Source records:
*** Begin section ***

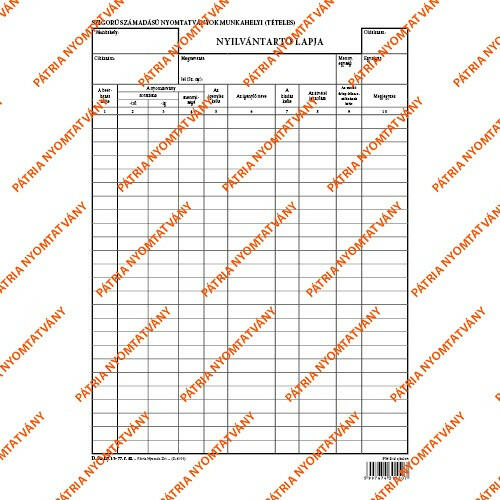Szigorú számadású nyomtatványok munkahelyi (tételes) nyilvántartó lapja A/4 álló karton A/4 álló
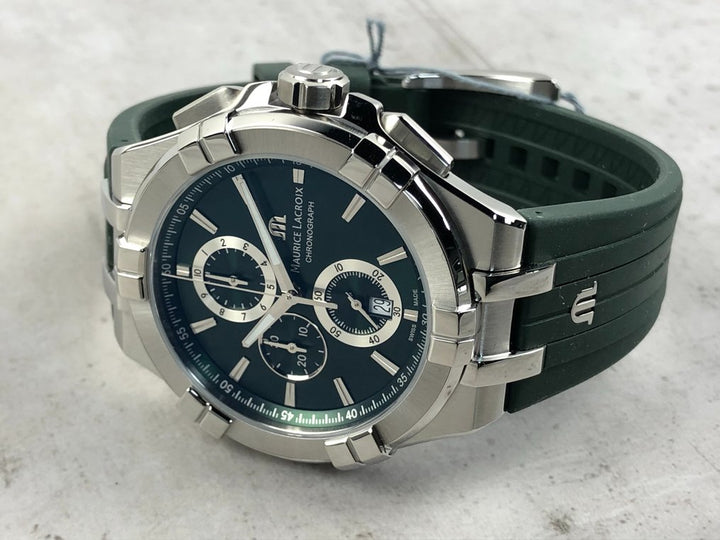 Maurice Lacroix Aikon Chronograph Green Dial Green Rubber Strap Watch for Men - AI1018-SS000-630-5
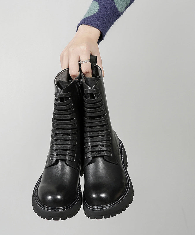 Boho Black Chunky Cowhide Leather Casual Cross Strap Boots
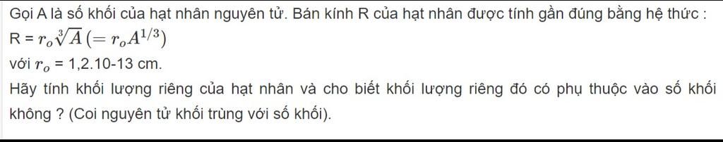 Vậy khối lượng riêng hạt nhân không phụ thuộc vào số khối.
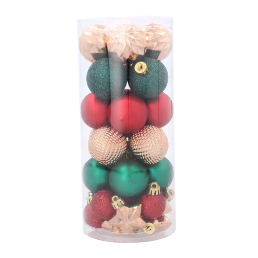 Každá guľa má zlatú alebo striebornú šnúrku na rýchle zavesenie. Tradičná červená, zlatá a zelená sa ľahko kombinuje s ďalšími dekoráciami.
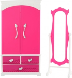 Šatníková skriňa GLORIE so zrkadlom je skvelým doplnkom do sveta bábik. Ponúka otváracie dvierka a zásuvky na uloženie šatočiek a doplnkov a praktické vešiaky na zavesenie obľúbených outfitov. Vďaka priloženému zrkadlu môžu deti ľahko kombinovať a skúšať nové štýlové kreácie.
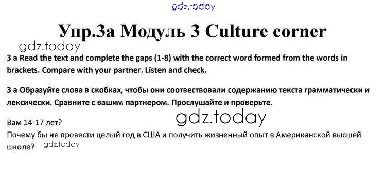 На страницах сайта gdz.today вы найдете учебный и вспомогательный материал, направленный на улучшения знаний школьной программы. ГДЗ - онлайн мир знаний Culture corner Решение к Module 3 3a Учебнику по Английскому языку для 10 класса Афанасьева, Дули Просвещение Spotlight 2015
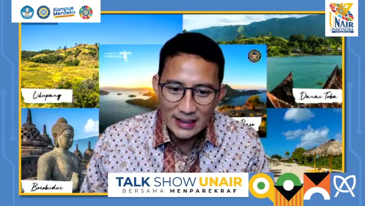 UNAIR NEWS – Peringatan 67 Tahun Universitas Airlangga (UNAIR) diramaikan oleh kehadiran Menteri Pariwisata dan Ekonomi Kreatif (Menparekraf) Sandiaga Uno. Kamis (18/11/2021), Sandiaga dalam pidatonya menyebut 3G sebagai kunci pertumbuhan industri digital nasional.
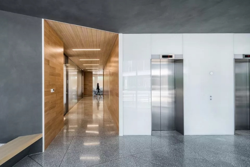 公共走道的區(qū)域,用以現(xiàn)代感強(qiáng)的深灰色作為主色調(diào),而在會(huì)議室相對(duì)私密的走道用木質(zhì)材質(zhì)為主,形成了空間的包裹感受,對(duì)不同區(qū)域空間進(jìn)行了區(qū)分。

*** End section ***

= What is needed =
Output exactly the lines above that lie between the line with "Každá guľa má" and the line with "UNAIR NEWS –", those two lines included, and no pictures.

= Result of the task =
 Každá guľa má zlatú alebo striebornú šnúrku na rýchle zavesenie. Tradičná červená, zlatá a zelená sa ľahko kombinuje s ďalšími dekoráciami.
 Šatníková skriňa GLORIE so zrkadlom je skvelým doplnkom do sveta bábik. Ponúka otváracie dvierka a zásuvky na uloženie šatočiek a doplnkov a praktické vešiaky na zavesenie obľúbených outfitov. Vďaka priloženému zrkadlu môžu deti ľahko kombinovať a skúšať nové štýlové kreácie.
 На страницах сайта gdz.today вы найдете учебный и вспомогательный материал, направленный на улучшения знаний школьной программы. ГДЗ - онлайн мир знаний Culture corner Решение к Module 3 3a Учебнику по Английскому языку для 10 класса Афанасьева, Дули Просвещение Spotlight 2015
 UNAIR NEWS – Peringatan 67 Tahun Universitas Airlangga (UNAIR) diramaikan oleh kehadiran Menteri Pariwisata dan Ekonomi Kreatif (Menparekraf) Sandiaga Uno. Kamis (18/11/2021), Sandiaga dalam pidatonya menyebut 3G sebagai kunci pertumbuhan industri digital nasional.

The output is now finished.